Anyhow...let's see...we have moved. We now live near Ft. Benning, GA. On the day that Jeremiah was supposed to sign into his new unit, he got a phone call and apparently some new orders. That day, we found out we had less than 2 weeks to move down to Benning with no idea how long we will be here. Luckily my Aunt and Uncle live near the base and Victoria and I are staying with them. So, we packed the whole house up, said goodbye to our friends, and moved our butts down South again. This trailer was pulled behind the biggest box truck we could find, plus we had my truck and the Bronco filled up with stuff! Whew! Almost as soon as we were unpacked (into storage garages), Jeremiah reported to his company and Victoria and I went down to DisneyWorld with some friends. We have now lived here about 3 weeks and we're settling in just fine.

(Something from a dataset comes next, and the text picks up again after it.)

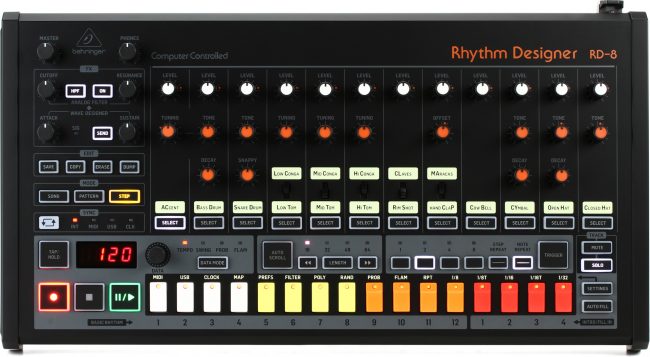 Behringer Rhythm Designer RD-8 Analog Drum Machine: بازسازی آنالوگی از TR-808، همراه با خروجی های مستقل برای هر صدای درام.

Disney World was AWESOME!! I had no idea what to expect. It was my first time ever going and I was in for a bit of a shock, but it was wonderful. There were some very long days, some very stressful moments, some frustrations, sweat, and tears, but we saw so much, met several characters, took lots of photos, rode some rides, and saw some shows. It really was great. Taking a 3 year old was pretty amazing because everything was so real for her. She would run up to me after seeing the characters saying "Mommy, they really ARE real!!"...the picture here says it all!



I am one class away from my Associates degree and am moving right into the Bachelor's program for my Business degree with a specialization in Advertising. I am a bit nervous, but I know it will be a good thing in the long run.

My aunt and uncle (and cousins) have been so gracious to us. They have given us so much to stay here and have been so wonderful with all of us. Right now we are all still trying to figure out what goes where and that kind of thing, but I can not complain. The food, company, and hospitality have been wonderful!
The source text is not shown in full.